You can also look to your current giving portfolio for guidance. If you give to a national environmental group, set aside some funds this year to donate to a local preserve, as well. If your alma mater is a mainstay, find a local after school or homework help organization to support. If museums and theatres are your fare, you can donate to arts and drama programs that help bring the arts to new generations.
5. Give your Time and Talent, in Addition to Treasure
There’s no wrong way to be a philanthropist, and the impulse towards giving is not limited to financial support alone. Giving your time through volunteering is just as valuable and just as thoughtful as writing a check. If you are so inclined, many local organizations regularly engage in volunteer programs. Sites like Volunteermatch.org link opportunities with like-minded individuals who want to give of their time and expertise.
Volunteering with a local organization also helps you get an inside understanding of their mission and operations.

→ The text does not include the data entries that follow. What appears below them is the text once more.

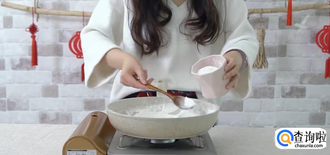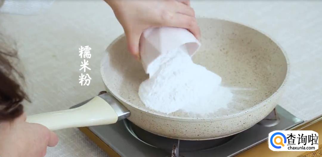 糯米粉倒入盛水的锅中,开火搅拌均匀成糊状装入碗中备用。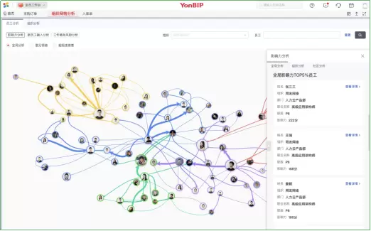 用友BIP组织影响力网络(ONA)突破传统根状组织框架,通过社交网络与深度学习构造的“负责任AI-SaaS”,开箱即用地提供可变的员工价值洞察创新。通过职场社交协作数据链的扁平化挖掘,确定核心角色、发现意见领袖、诊断组织健康度、推动跨职能地域和专业领域的协作模式......,全视角实现人力资源价值洞察,更大限度释放高度不确定环境下的组织效能。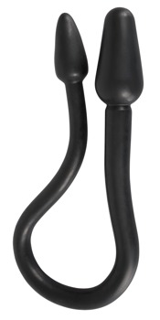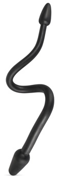 Bøjelig dobbeltdildo med en plug i hver ende. Ved solosex indføres den samtidig i vagina og anus, til fælleslege er der en plug til hver. Dejlig glidevenlig overflade. Sort.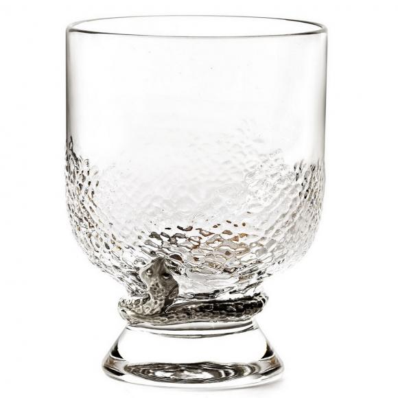 This beautiful lead crystal water glass is supported by a silver python wrapped around its stem. Who will get to water first?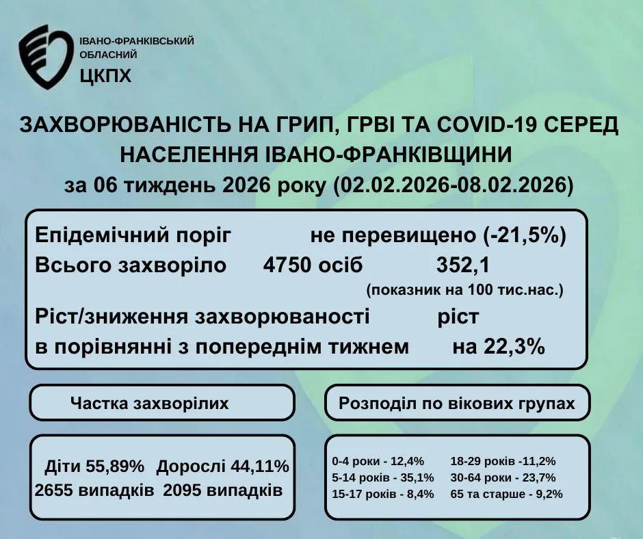 Про це повідомив головний санітарний лікар Прикарпаття Руслан Савчук за підсумками 6-го тижня епідсезону 2025–2026 років, передає Правда.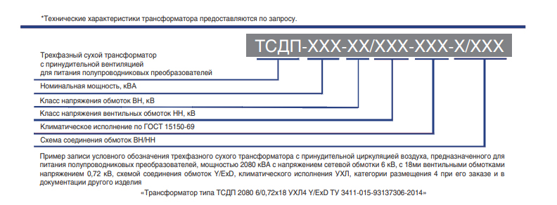 Линейка многообмоточных преобразовательных трансформаторов предназначена для питания преобразователей частоты, мощностью от 500 кВт до 5500 кВт, частотно-регулируемых электроприводах различного назначения. Трехфазный сухой фазовращающий трансформатор типа ТСДП мощностью 320-6930 кВА напряжением 6-10 кВ рассчитан на работу при частоте 50 Гц и длительной нагрузке. Трансформаторы имеют высокую надежность, пожаробезопасность. Обмотки

It’s philanthropic fact-finding. If you find a volunteer opportunity that is consistently rewarding, you can follow up your involvement with a gift, or match your gift of time with a recurring grant.
Local philanthropy can provide an almost instantaneous return on investment—for both the grantee organization and you, the donor. Communities improve when more people have a stake in them. No matter how you get involved, you will notice a difference. It may be evident in increased local business growth, community revitalization, better educational outcomes, cleaner air, water, and green spaces, or just a deeper connection with your friends, neighbors and fellow citizens. Whether you’re in a major metro, a small town, or a rural area, there is good to be done by giving locally.

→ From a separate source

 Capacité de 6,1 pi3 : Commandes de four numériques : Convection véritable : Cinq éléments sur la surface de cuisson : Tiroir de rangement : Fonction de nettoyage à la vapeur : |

Trina Middleton is NPT’s Director of Premier Donor Services. She works with high-net-worth donors and their advisors to help them reach their charitable goals. From ensuring that their intent is honored through grant agreements to exploring the possibilities of international grantmaking. Trina completed a dual-degree program with Spelman College and the Georgia Institute of Technology and holds a Bachelor of Civil Engineering. She completed her Masters of Science in Nonprofit Leadership from the School of Social Policy and Practice at the University of Pennsylvania.
NPT does not provide legal or tax advice. This blog post is for informational purposes only and is not intended to be, and shall not be relied upon as, legal or tax advice. The applicability of information contained here may vary depending on individual circumstances.